The progressing expansion of the electric vehicle market and huge expectations about future growth have prompted massive EV-related investments in the U.S. Aside from new EV factories and a small tsunami of EV battery factories, there is also a significant wave of new EV charging equipment factories coming right now, an analysis of Department of Energy data shows.
The DOE’s Vehicle Technologies Office highlights that since 2021, manufacturers have announced more than $500 million in EV charger investments. This includes all types of electric vehicle charging equipment, including Level 2 AC charging points, DC fast chargers and some wireless charging systems (but those are still rare.)
The list of new plants (either announced, under construction, or in the pipeline) already includes more than 40 sites. We can see a visualization of the investments thanks to the DOE’s Building America’s Clean Energy Future website, which generates interesting maps:
Announced American-Made EV Charger Investments as of September 2023
The report says that these investments will create more than 3,000 new jobs. As we understand, that’s only for the manufacturing sites, while many more new jobs will be created to install and maintain the equipment.
The entire EV charging market is at a special point right now, because aside from the growing sales of electric vehicles, the industry is preparing for a major switch to a new dominant charging standard in North America: the Tesla-developed NACS, which will be standardized by SAE.

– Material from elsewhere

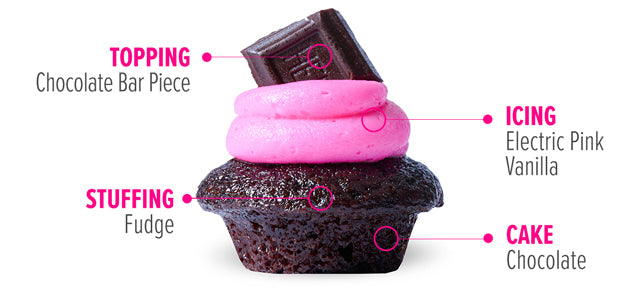 Chocolate Cake, stuffed with fudge, topped with electric pink vanilla icing and a chocolate bar piece.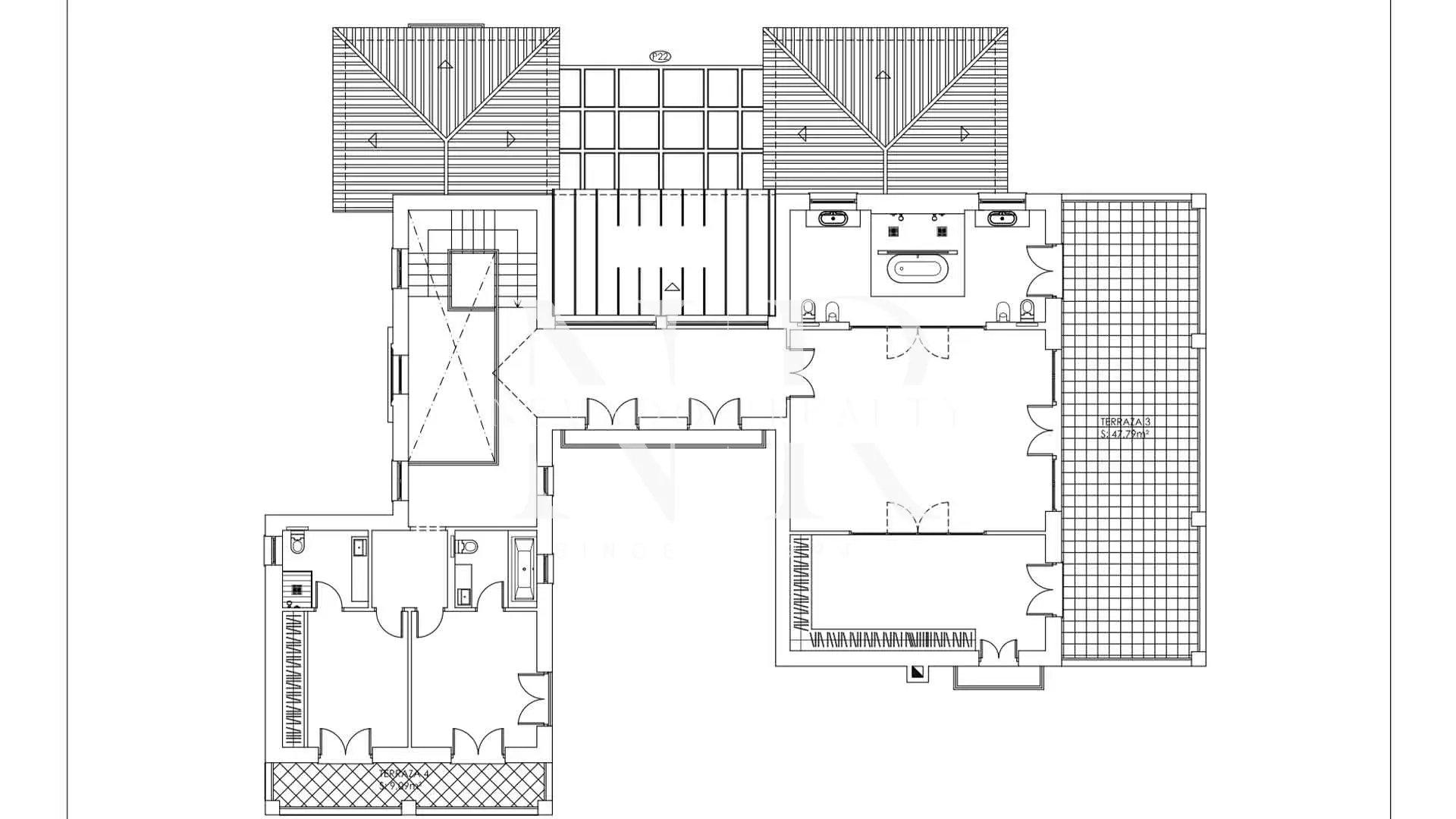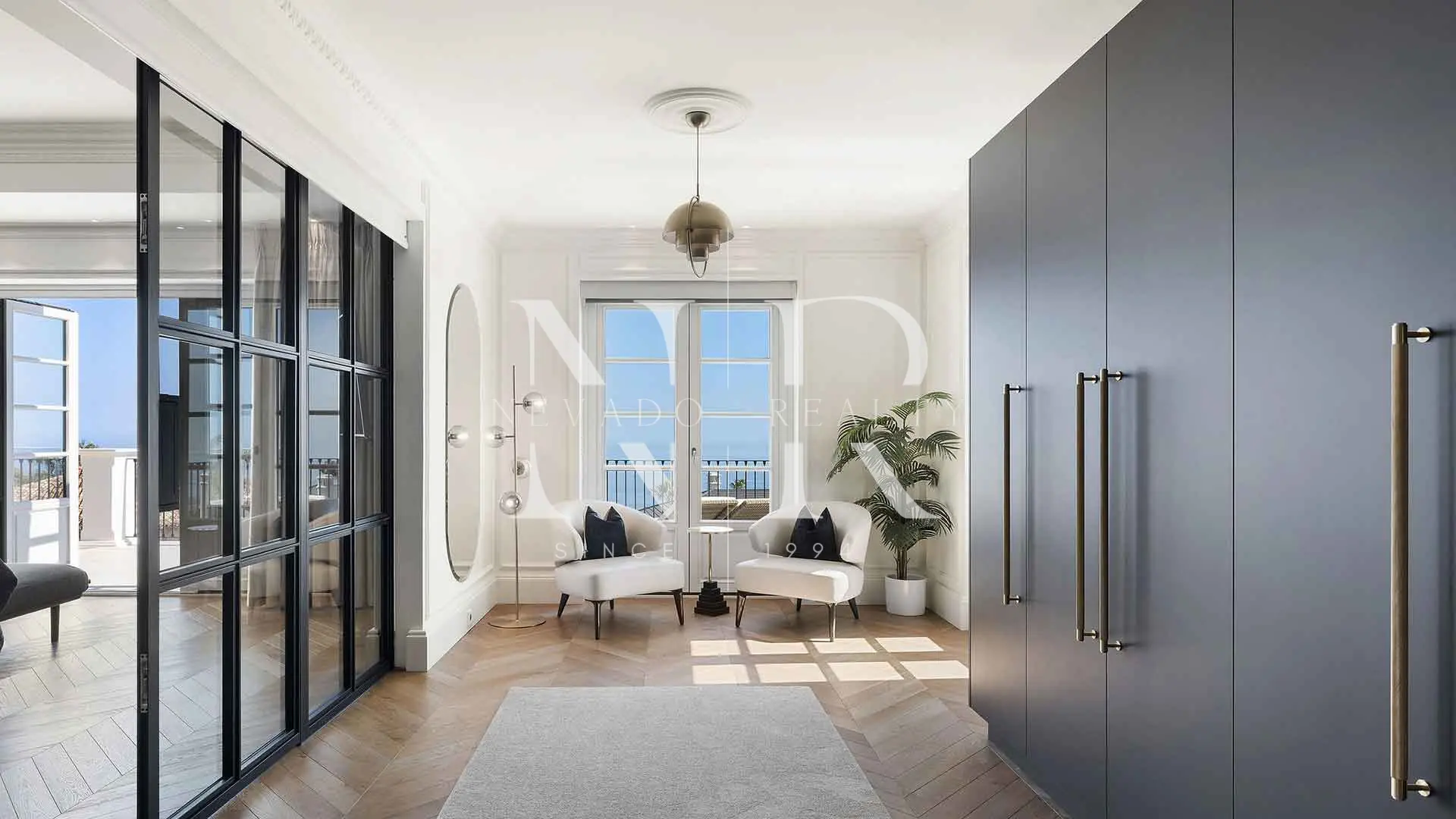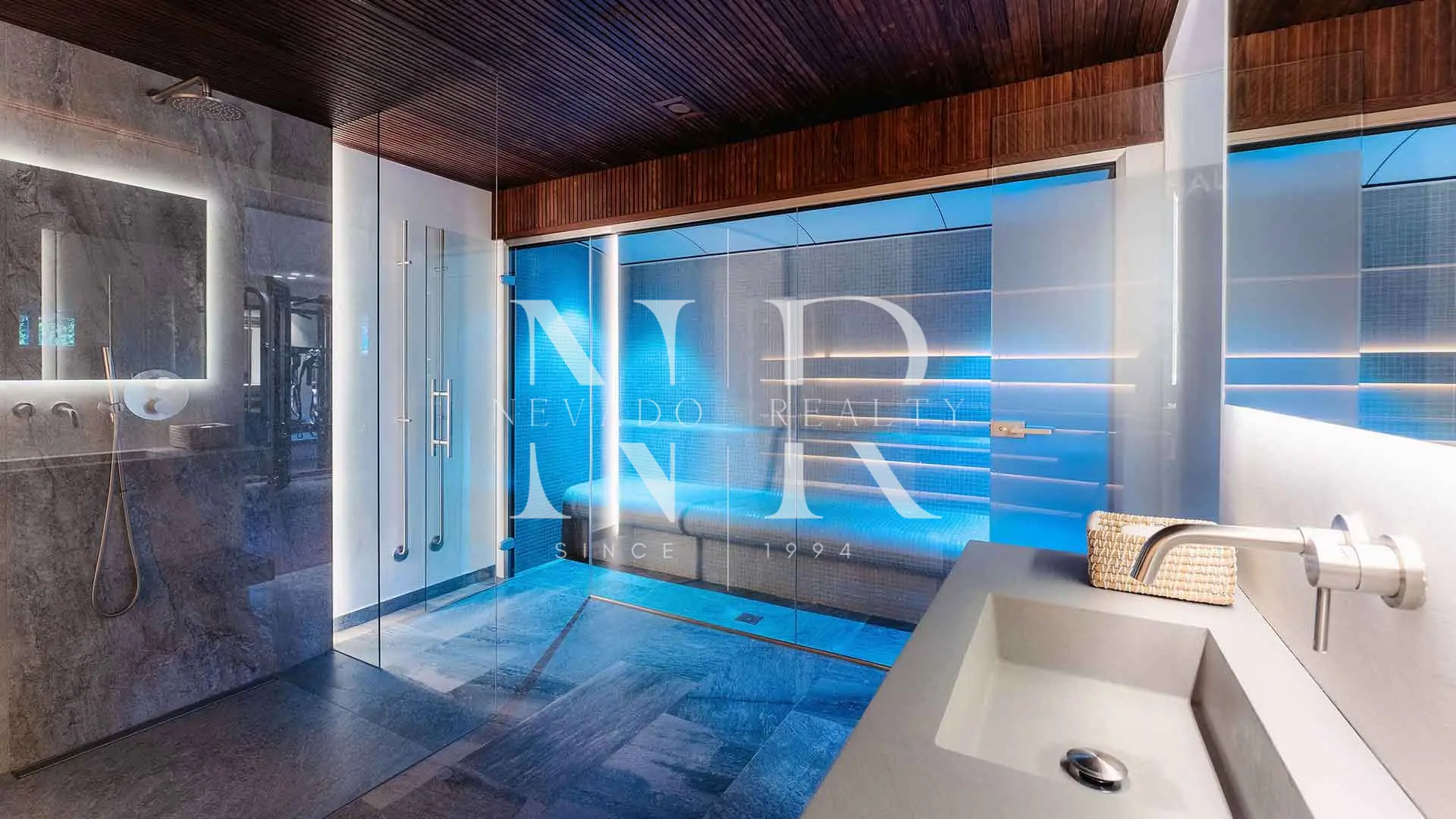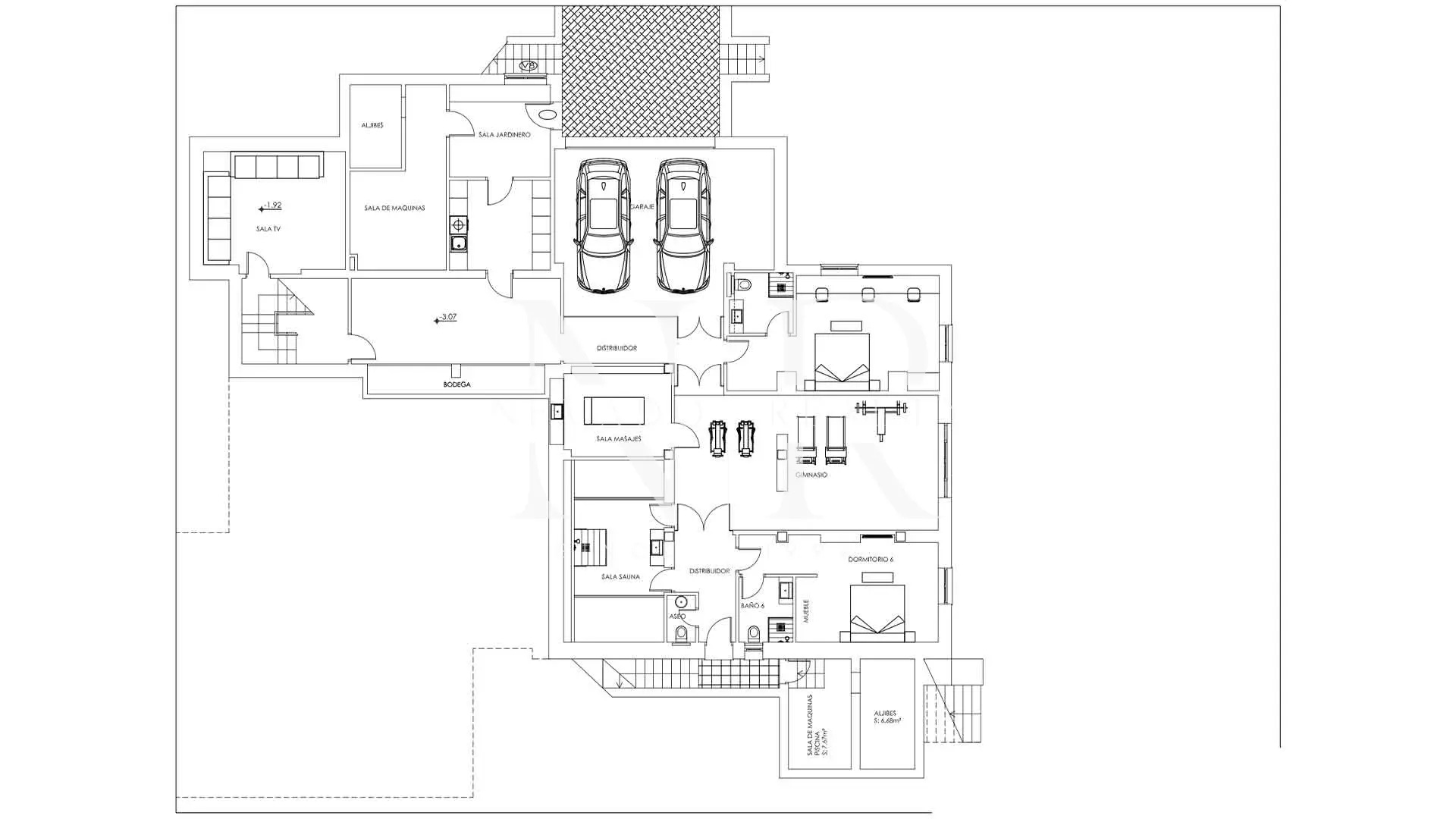 • Lower Level (Wellness and Leisure Area): This level is fully equipped with a professional gym, private cinema, sauna, Turkish bath and massage room. It also includes a laundry area, a private garage for two cars and two further bedrooms with en-suite bathrooms.

At some point in the future, NACS will replace other charging systems for light-duty electric vehicles (J1772 for AC charging, CCS1 for DC charging, and older CHAdeMO for DC charging), covering all scenarios in a single plug.
This means that all the manufacturers and all the new factories must develop new products, though they will be temporarily supporting the existing charging standards. But all of this is proof of how the electric vehicle revolution is going to mean more to America’s economy than just new choices in cars.